## [Directions]
Where the string "eine" occurs in a line of the entries below, copy that line.
** Input for this task follows **
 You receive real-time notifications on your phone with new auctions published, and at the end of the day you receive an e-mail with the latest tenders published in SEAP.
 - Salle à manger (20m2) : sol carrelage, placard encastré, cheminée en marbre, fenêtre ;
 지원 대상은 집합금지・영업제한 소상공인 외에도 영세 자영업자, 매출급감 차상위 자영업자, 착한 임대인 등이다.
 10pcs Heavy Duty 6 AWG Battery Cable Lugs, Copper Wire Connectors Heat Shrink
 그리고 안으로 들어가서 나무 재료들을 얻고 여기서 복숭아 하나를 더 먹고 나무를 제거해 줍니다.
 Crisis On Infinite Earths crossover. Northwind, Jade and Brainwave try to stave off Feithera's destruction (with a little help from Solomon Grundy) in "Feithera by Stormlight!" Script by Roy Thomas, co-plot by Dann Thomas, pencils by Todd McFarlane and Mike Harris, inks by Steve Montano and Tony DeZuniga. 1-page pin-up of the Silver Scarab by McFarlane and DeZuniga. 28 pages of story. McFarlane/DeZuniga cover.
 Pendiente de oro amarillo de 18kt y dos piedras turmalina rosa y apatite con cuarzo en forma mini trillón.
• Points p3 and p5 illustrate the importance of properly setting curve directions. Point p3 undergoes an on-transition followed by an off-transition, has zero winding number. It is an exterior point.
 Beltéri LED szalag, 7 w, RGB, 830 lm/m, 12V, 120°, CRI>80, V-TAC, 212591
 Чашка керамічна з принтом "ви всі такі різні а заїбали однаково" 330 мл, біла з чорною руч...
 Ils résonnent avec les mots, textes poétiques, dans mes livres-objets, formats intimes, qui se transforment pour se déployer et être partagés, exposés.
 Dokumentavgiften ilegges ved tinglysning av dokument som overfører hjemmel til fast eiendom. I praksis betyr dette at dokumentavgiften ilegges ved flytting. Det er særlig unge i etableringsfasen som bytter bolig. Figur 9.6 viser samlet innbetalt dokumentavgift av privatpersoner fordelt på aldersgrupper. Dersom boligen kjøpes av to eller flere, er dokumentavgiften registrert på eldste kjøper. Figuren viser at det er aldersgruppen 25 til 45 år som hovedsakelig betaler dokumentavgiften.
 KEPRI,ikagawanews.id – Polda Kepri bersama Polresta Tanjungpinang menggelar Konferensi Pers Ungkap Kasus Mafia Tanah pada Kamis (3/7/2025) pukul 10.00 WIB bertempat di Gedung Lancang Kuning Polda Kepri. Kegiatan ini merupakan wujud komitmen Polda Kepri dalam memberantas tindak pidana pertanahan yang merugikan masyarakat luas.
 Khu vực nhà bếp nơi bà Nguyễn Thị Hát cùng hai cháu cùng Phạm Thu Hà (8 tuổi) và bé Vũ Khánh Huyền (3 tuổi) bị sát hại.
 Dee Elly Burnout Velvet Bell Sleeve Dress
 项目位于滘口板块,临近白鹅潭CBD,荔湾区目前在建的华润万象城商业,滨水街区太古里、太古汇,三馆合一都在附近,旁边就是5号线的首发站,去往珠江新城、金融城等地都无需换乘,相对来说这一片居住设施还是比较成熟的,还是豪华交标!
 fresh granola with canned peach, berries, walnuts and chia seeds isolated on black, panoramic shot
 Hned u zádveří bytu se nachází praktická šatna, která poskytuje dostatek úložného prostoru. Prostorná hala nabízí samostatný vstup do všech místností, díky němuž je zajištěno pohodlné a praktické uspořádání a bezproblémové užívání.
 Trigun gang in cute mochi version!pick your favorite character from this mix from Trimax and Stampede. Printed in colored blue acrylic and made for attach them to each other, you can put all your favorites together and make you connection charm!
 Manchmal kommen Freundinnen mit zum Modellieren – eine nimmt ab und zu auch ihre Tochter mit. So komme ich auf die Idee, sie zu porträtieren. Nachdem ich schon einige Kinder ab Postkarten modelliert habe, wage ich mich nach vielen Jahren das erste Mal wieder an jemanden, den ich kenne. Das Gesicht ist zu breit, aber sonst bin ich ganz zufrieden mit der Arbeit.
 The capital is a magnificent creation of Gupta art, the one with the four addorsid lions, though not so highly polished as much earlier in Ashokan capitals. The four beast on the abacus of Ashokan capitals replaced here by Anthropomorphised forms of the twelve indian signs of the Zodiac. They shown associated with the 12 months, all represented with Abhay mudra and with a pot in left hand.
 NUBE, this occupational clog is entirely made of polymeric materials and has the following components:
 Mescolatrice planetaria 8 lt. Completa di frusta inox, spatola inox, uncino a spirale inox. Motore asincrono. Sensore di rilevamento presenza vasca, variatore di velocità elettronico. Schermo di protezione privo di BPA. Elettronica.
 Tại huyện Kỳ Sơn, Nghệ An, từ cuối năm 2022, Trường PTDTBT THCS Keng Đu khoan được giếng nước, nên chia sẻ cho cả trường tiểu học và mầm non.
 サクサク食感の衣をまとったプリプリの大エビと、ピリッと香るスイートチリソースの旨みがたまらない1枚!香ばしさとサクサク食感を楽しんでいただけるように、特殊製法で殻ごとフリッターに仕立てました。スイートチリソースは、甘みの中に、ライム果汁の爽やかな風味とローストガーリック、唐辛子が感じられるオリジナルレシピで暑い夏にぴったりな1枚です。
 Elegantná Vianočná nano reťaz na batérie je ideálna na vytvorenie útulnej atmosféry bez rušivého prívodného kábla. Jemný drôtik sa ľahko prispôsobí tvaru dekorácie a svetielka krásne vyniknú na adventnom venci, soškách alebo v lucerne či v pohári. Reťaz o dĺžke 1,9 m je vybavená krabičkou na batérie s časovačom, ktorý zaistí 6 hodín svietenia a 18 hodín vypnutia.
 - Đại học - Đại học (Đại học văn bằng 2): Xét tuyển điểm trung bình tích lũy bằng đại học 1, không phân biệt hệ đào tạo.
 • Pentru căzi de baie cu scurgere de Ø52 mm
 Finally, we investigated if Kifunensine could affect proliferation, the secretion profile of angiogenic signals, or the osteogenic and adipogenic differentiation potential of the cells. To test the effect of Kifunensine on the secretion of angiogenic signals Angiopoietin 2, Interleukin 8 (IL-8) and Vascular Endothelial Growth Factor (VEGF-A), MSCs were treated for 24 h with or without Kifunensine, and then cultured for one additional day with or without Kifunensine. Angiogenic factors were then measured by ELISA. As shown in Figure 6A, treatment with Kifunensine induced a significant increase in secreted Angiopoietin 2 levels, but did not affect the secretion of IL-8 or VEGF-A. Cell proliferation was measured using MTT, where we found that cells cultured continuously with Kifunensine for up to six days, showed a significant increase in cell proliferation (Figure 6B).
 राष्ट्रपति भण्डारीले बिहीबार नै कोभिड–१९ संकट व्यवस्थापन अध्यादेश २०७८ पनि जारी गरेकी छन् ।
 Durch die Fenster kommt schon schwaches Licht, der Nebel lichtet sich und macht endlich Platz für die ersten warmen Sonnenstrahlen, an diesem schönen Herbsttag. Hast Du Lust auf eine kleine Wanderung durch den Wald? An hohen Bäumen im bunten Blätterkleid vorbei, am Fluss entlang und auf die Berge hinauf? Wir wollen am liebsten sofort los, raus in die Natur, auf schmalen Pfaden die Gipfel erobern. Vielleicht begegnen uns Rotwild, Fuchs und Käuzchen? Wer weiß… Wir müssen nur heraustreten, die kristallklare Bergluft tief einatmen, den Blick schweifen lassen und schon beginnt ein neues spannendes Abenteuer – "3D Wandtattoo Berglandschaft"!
** End of Input for this task **
## [Written solution]
 Manchmal kommen Freundinnen mit zum Modellieren – eine nimmt ab und zu auch ihre Tochter mit. So komme ich auf die Idee, sie zu porträtieren. Nachdem ich schon einige Kinder ab Postkarten modelliert habe, wage ich mich nach vielen Jahren das erste Mal wieder an jemanden, den ich kenne. Das Gesicht ist zu breit, aber sonst bin ich ganz zufrieden mit der Arbeit.
 Durch die Fenster kommt schon schwaches Licht, der Nebel lichtet sich und macht endlich Platz für die ersten warmen Sonnenstrahlen, an diesem schönen Herbsttag. Hast Du Lust auf eine kleine Wanderung durch den Wald? An hohen Bäumen im bunten Blätterkleid vorbei, am Fluss entlang und auf die Berge hinauf? Wir wollen am liebsten sofort los, raus in die Natur, auf schmalen Pfaden die Gipfel erobern. Vielleicht begegnen uns Rotwild, Fuchs und Käuzchen? Wer weiß… Wir müssen nur heraustreten, die kristallklare Bergluft tief einatmen, den Blick schweifen lassen und schon beginnt ein neues spannendes Abenteuer – "3D Wandtattoo Berglandschaft"!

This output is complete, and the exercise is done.